- Theatrical release poster
- Directed by: Viji Thampi
- Screenplay by: Krishna Poojappura
- Story by: V.S. Subhash
- Produced by: V. S. Suresh
- Starring: Dileep Sayaji Shinde Nedumudi Venu Ananya Archana Kavi Mythili
- Cinematography: Sanjeev Sankar
- Edited by: K. Sreenivas
- Music by: Vidyasagar
- Production company: Vendhar Movies
- Release date: 18 October 2013;
- Running time: 160 minutes
- Country: India
- Language: Malayalam

= Nadodimannan =

Nadodimannan is a 2013 Indian Malayalam-language action comedy film directed by Viji Thampi, starring Dileep in the title role, along with Sayaji Shinde, Nedumudi Venu, Ananya, Archana Kavi and Mythili in the supporting role. Dileep and Viji Thampi collaborated after 17 years in this movie. The film is a satire that portrays how corruption and favoritism engulf a place and how they can be tackled.

==Plot==

The movie starts with Vinayachandran, an environmentalist getting killed by a rich influential real estate criminal businessman, Pushpam Prakashan as Vinayachandran was opposing Prakashan's dream project- Pushpam Mall citing environmental and societal reasons. Prakashan has the backing of the ruling party, police and a corrupt Mayor Purushothaman for all his wrongdoings as he helps them financially whenever they are in need. Once his eyes cast on something, Prakashan will try to acquire it by any means for his gains. His next target is an old man Damodaran's house and its surrounding plot occupied by Damodaran and his granddaughter Meera for developing another project. Even though Damodaran approaches higher-ranked officials including the Mayor to save from the advances of Prakashan, he now realizes that they all are nothing but associates of Prakashan. One night, Prakashan's henchmen attacks him and tries to kidnap Meera. In the tussle, Damodaran stabs himself and Prakashan's henchmen hospitalises him as his death will bring trouble to Prakashan.

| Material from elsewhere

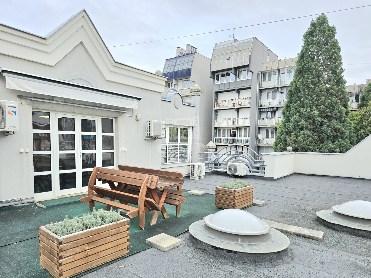 -200 m²-es, emeleti üzlethelyiség, hatalmas üvegportállal, tetőterasz használattal!

The film then focuses to Palakkad where Padmanabhan hails from. Padmanabhan is a carefree and cheerful man who along with his friends do roadside shows, artificial political rallies, marches and hail and hoot for movies in theatres for daily wages. One day, he gets a call from Thiruvananthapuram to get his gang for organizing a political rally in support of Purushothaman to boost his image in the upcoming election. Padmanabhan and his gang leaves to Thiruvananthapuram the next day and he gets injured in a bomb blast planned by Prakashan and gets hospitalized.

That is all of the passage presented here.